Counterfactuals help implement Explainability for Machine Learning models. The concept is widely adopted by industry and academia in the field of Explainable AI.

What is a counterfactual?

A counterfactual is a hypothetical statement that asserts that something would have happened if a different circumstance had been true. For example, “If I had studied harder, I would have gotten a better grade on the test.” Counterfactuals are often used in thought experiments and in discussions about hypothetical situations.

Diverse counterfactual explanations are a type of post-hoc explanation that can be used to understand and act on algorithmic predictions. They are hypothetical examples that show people how to obtain a different prediction, by changing just a few of the input features.

Diversity vs Proximity

Here is a more detailed explanation of each of these terms:

  • Proximity: This refers to how close the counterfactual explanation is to the original input. For example, if the original input is a sentence, a counterfactual explanation that is close to the original input might be a sentence that is very similar to the original sentence.
  • Diversity: This refers to the range of different counterfactual explanations that are generated. For example, if you generate 10 counterfactual explanations for a single input, the diversity of the explanations would be high if the explanations are all very different from each other.

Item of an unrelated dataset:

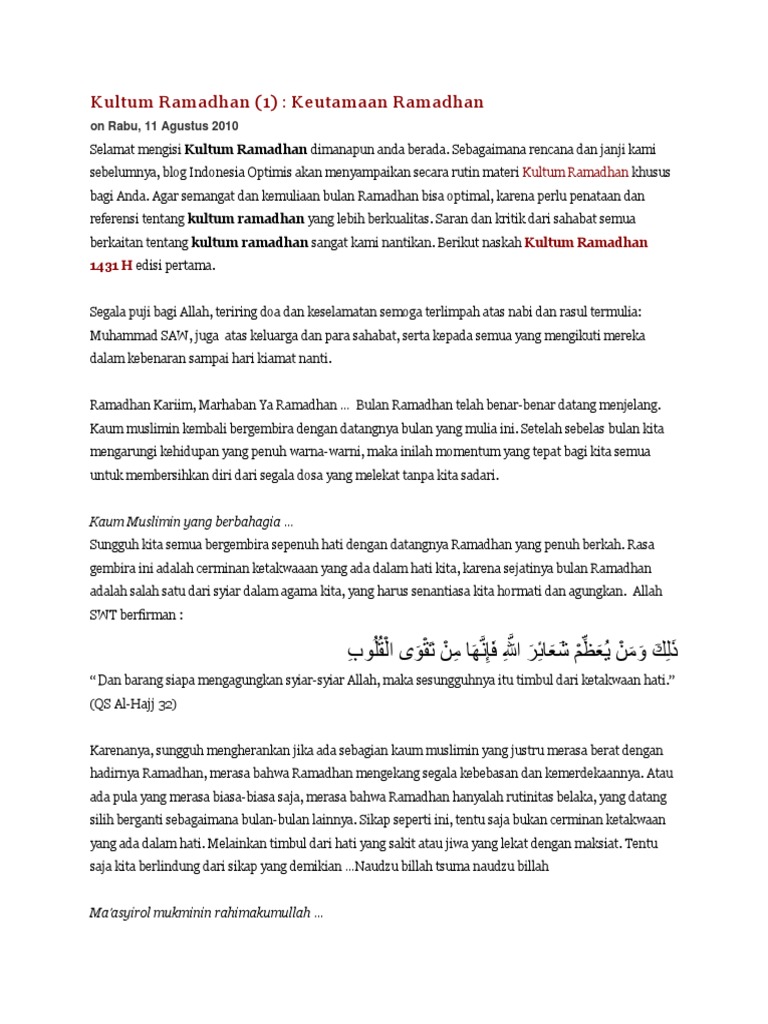 Kultum Ramadhan (1): Keutamaan Ramadhan: on Rabu, 11 Agustus 2010
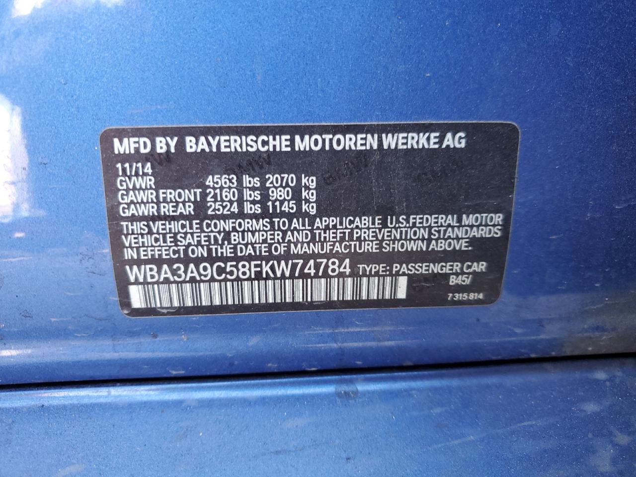 BMW 3 SERIES 3.0 2015 г.в., Задний привод (WBA3A9C58FKW74784) из США

The DiCE GitHub README provides more information on these topics, as well as how to use DiCE to generate counterfactual explanations.

Putting in to context:

Visualization by Mahantesh Pattadkal from the article “Codeless Counterfactuals for Deep Learning

Let’s say that we have a machine learning model that predicts whether or not a patient will have a heart attack. The model is trained on a dataset of patients who have had heart attacks and patients who have not had heart attacks. The model is able to predict whether or not a patient will have a heart attack with 80% accuracy.

Let’s say that we have a patient who the model predicts will have a heart attack. We can use counterfactuals to understand why the model made that prediction. For example, we might find that the patient has high blood pressure, high cholesterol, and smokes cigarettes. This information can be used to help the patient improve their health and reduce their risk of having a heart attack.

Here are some specific counterfactuals that we could generate for this patient:

  • If the patient lowers their blood pressure, their risk of having a heart attack will decrease.
  • If the patient lowers their cholesterol, their risk of having a heart attack will decrease.
  • If the patient quits smoking, their risk of having a heart attack will decrease.

These counterfactuals can be used to help the patient make changes to their lifestyle that will reduce their risk of having a heart attack.

Applications of Counterfactual Explanations:

Counterfactual explanations can be useful in a variety of applications. Below are some of the applications:

  1. Improving trust and transparency in machine learning systems. By providing users with an understanding of how a system made a decision, counterfactual explanations can help to build trust and transparency. This is especially important in applications where users may have a high stake in the outcome, such as loan approval or criminal sentencing.
  2. Helping users make better decisions. Counterfactual explanations can help users to make better decisions by providing them with insights into how their choices can affect the outcome. For example, a user who is applying for a loan may be able to use counterfactual explanations to see how increasing their income or reducing their debt would impact their chances of approval.
  3. Debugging machine learning systems. Counterfactual explanations can be used to debug machine learning systems by identifying features that are driving the system’s predictions. This can be helpful in identifying biases or errors in the system.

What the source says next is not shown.